The breeding habitat of Bicknell's Thrush is primarily restricted to mountain spruce forests of Northeastern US and Canada. They winter in the Caribbean and spring migration north is cued by day length. If spring arrives early in the north and the Thrushes arrive at their normal time, the abundance of food—insects and fruit—would already have peaked. Warming temperatures also produce an abundance of spruce and fir cones—feeding and increasing the population of Red Squirrels, a main predator of eggs and chicks. Storms and hurricanes threaten the Thrush's tropical winter habitat. Pollution, logging and deforestation threaten their spring breeding and winter habitats.
Other animals effected by climate change
All populations of Ringed Seals are expected to be adversely affected by climate change because of dependence on sea ice and snow dens for breeding, protecting pups, moulting and resting. Early warming causes pups to separate prematurely from their mothers. As sea ice declines, other threats are fisheries by-catch, increased shipping, tourism and development. Seals are vulnerable to disease from heavy concentrations of pollutants that have accumulated in the Arctic food web.

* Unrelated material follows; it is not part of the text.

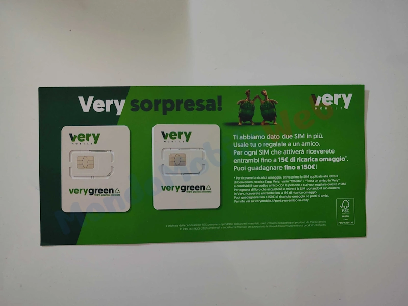 In questi giorni, attraverso l’iniziativa chiamata Very Sorpresa, i nuovi clienti Very Mobile che acquistano una nuova SIM con spedizione a domicilio possono ottenere in omaggio, anziché una soltanto, anche due schede telefoniche aggiuntive, questa volta di colore bianco anziché verde come la SIM principale.

Tufted Puffins are threatened by sea level rise and storm surges which destroy habitats and breeding areas. In some areas of North America warming seas are causing the fish that the Puffins feed on to migrate farther north, making it difficult for them to find adequate food. Other threats are entrapment in fishing nets, oil spills, pollution, ingestion of plastic, human disturbance of breeding colonies and introduced predators such as rats and foxes.

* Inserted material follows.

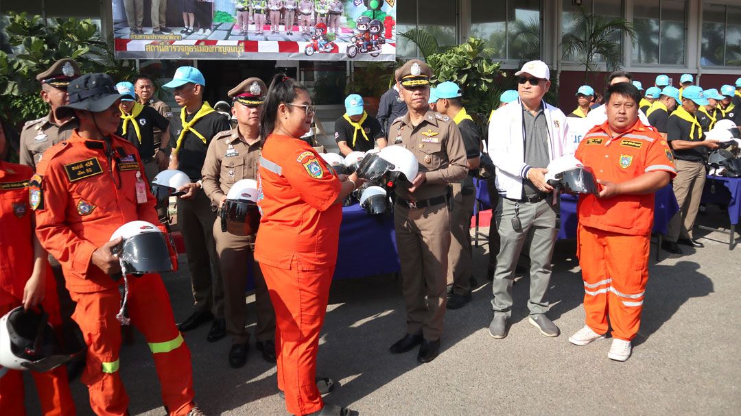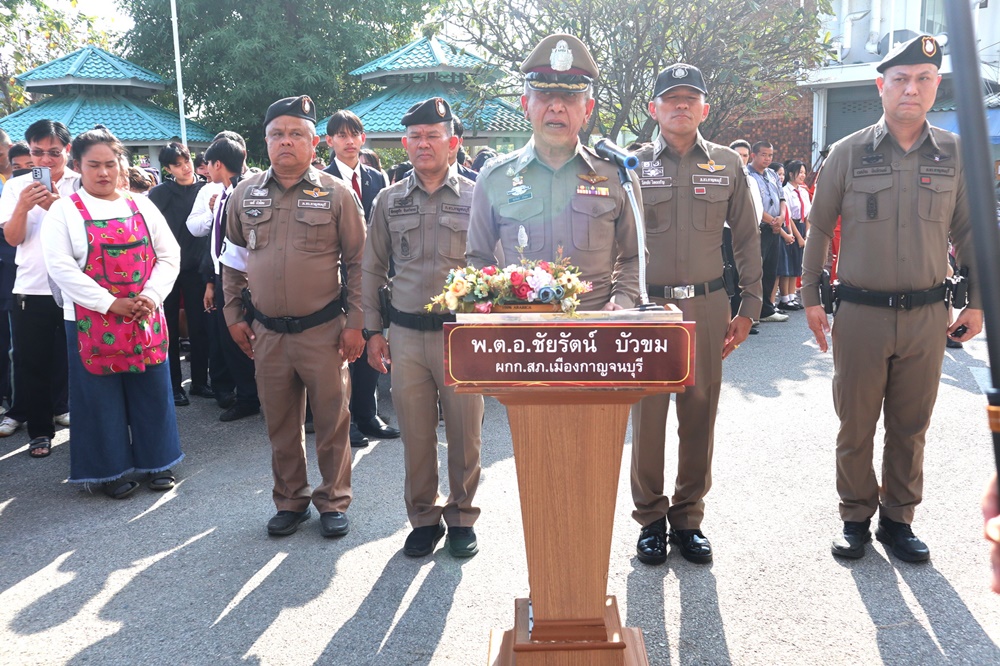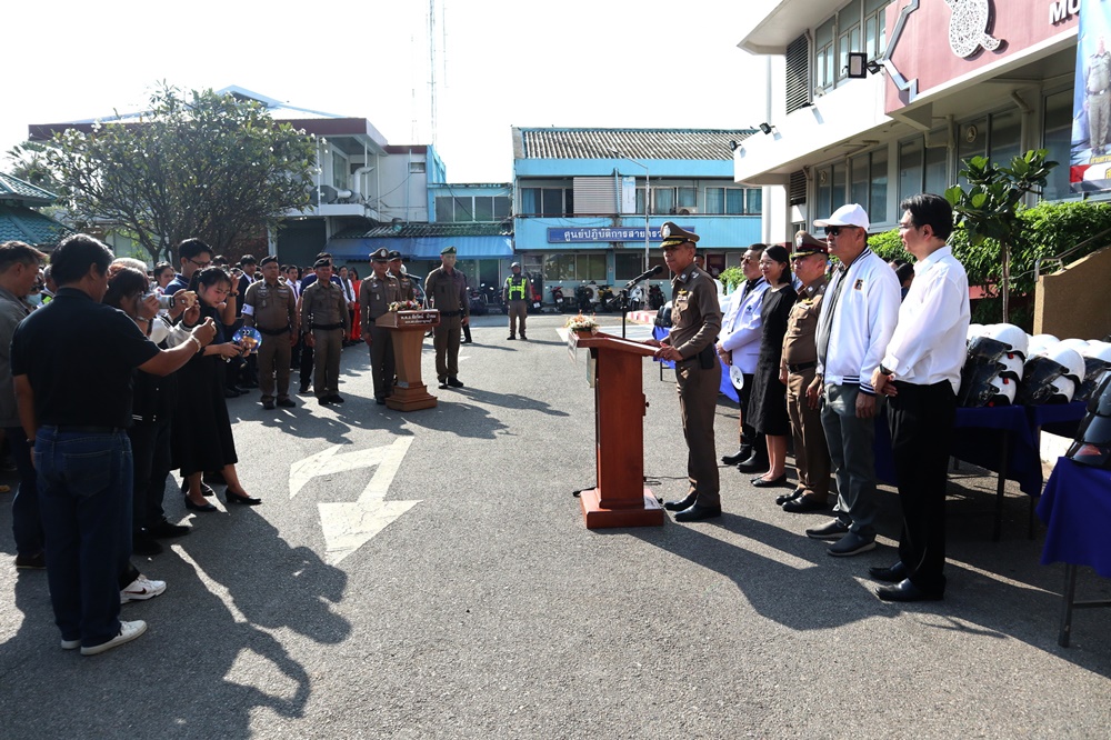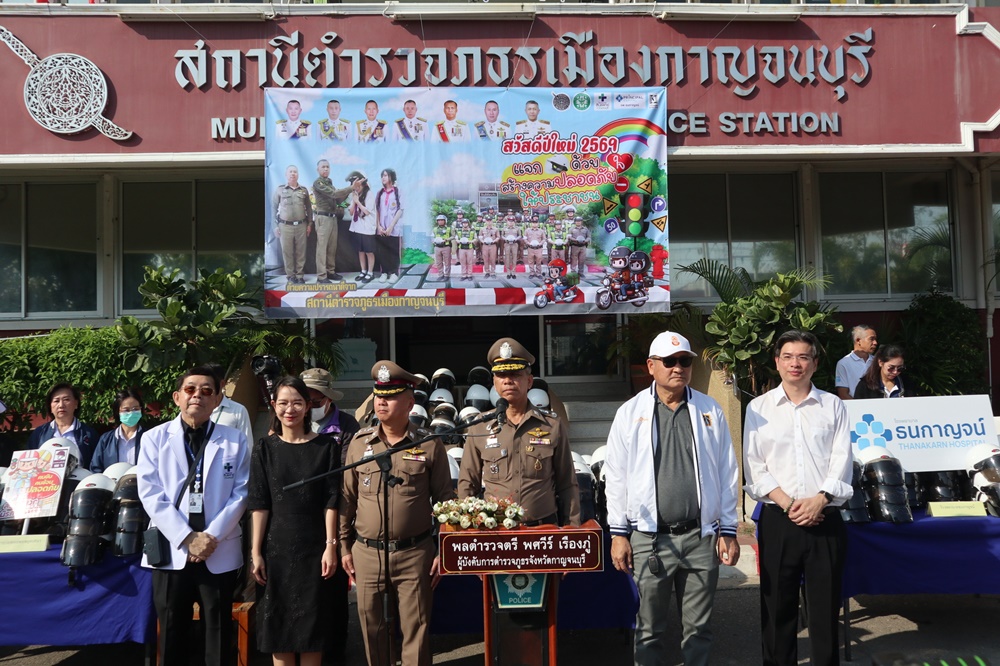 เมื่อเวลา 09.30 น.วันนี้ 25 ธ.ค.68 ที่สถานีตำรวจภูธรเมืองกาญจนบุรี พล.ต.ต.พศวีร์ เรืองภู่ ผบก.ภ.จว.กาญจนบุรี เป็นประธานโครงการ แจกหมวกนิรภัยด้วยใจ สร้างความปลอดภัยประชาชน เพื่อลดความรุนแรงจากการเกิดอุบัติตามท้องถนนทั้งผู้ขับขี่และนั่งซ้อนท้ายในพื้นที่รับผิดชอบ ในช่วงเทศกาลวันคริสต์มาสและฉลองส่งท้ายปีเก่าต้อนรับปีใหม่ 2568 โดยมี พ.ต.อ.ชัยรัตน์ บัวขม ผกก.สภ.เมืองกาญจนบุรี กล่าวรายงาน มี พ.ต.อ.สันทัด ลวางกูล รอง ผบก.ภ.จว.กาญจนบุรี นายพรชัย วารีทิพย์ขจร ประธานกองทุนสวัสดิการสื่อมวลชนจังหวัดกาญจนบุรี พ.ต.ท.โชคชัย ไทยเจริญ รอง ผกก.จราจร สภ.เมืองกาญจนบุรี เจ้าหน้าที่ ตร.จราจร สภ.เมืองกาญจนบุรี และผู้ให้การสนับสนุนประกอบด้วย รพ.พหลพลพยุหเสนา รพ.สินแพทย์กาญจนบุรี รพ.ธนกาญจน์ บริษัทสามัคคีที่ดินและเคหะ จำกัด และ สภ.เมืองกาญจนบุรี เข้าร่วม มีประชาชน รวมถึงผู้ขับขี่รถจักรยานยนต์รับจ้าง และนักเรียนจากหลานสถาบันกว่า 600 คน พร้อมใจรับมอบหมวกนิรภัย

In winter, the sun doesn't rise south of the Antarctic Circle. If Antarctic sea ice decreases and does not extend far enough to the north, Adélie Penguins, during their winter migration, may not be able to reach the sunlight needed to navigate, hunt and avoid predators—they won't dive in the dark. Other threats are oil pollution, fishing and disturbance of colonies from research stations and aircraft.
The annual North American migration of the Monarch is listed as a "threatened phenomenon." Climate related threats include: drought, storms, changes in precipitation and dependence on temperature to trigger migration and reproduction. The Monarch feeds and lays eggs exclusively on milkweed plants, so it is also highly vulnerable to herbicides and habitat destruction.